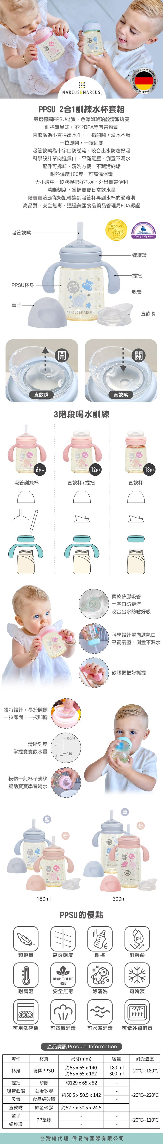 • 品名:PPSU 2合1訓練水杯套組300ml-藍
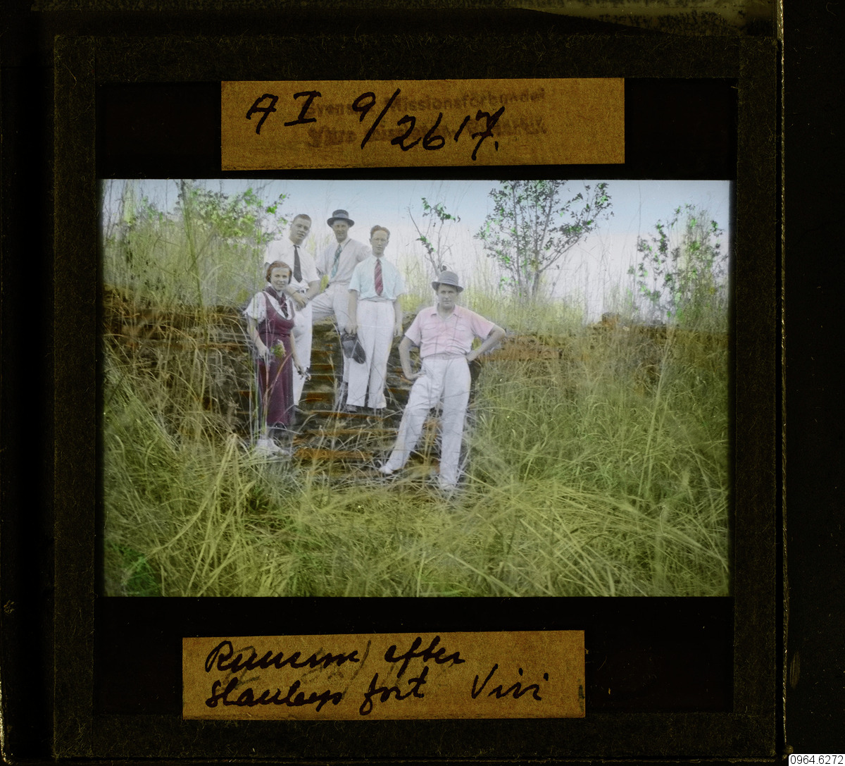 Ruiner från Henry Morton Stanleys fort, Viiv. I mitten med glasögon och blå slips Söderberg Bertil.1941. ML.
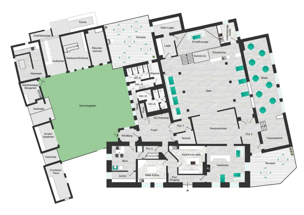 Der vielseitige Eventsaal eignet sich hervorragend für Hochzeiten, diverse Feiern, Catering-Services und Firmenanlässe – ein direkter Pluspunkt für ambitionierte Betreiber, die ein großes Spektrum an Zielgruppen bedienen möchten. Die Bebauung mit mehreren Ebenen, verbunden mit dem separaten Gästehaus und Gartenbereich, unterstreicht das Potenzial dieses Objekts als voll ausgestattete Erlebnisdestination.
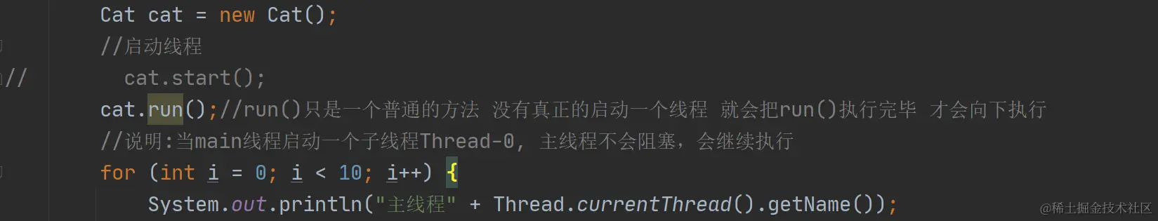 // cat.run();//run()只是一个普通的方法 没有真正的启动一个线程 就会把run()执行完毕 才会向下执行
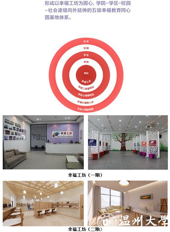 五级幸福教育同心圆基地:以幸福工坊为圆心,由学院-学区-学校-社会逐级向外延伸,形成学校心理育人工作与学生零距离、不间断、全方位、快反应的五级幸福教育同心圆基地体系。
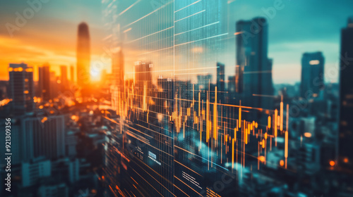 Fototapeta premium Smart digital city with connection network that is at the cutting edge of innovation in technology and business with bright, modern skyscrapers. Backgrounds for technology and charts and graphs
++++++
Could you reproduce every entry exactly, leaving out the pictures?

 • 品名:PPSU 2合1訓練水杯套組300ml-藍
 Ruiner från Henry Morton Stanleys fort, Viiv. I mitten med glasögon och blå slips Söderberg Bertil.1941. ML.
 Der vielseitige Eventsaal eignet sich hervorragend für Hochzeiten, diverse Feiern, Catering-Services und Firmenanlässe – ein direkter Pluspunkt für ambitionierte Betreiber, die ein großes Spektrum an Zielgruppen bedienen möchten. Die Bebauung mit mehreren Ebenen, verbunden mit dem separaten Gästehaus und Gartenbereich, unterstreicht das Potenzial dieses Objekts als voll ausgestattete Erlebnisdestination.
 // cat.run();//run()只是一个普通的方法 没有真正的启动一个线程 就会把run()执行完毕 才会向下执行
 五级幸福教育同心圆基地:以幸福工坊为圆心,由学院-学区-学校-社会逐级向外延伸,形成学校心理育人工作与学生零距离、不间断、全方位、快反应的五级幸福教育同心圆基地体系。
 Fototapeta premium Smart digital city with connection network that is at the cutting edge of innovation in technology and business with bright, modern skyscrapers. Backgrounds for technology and charts and graphs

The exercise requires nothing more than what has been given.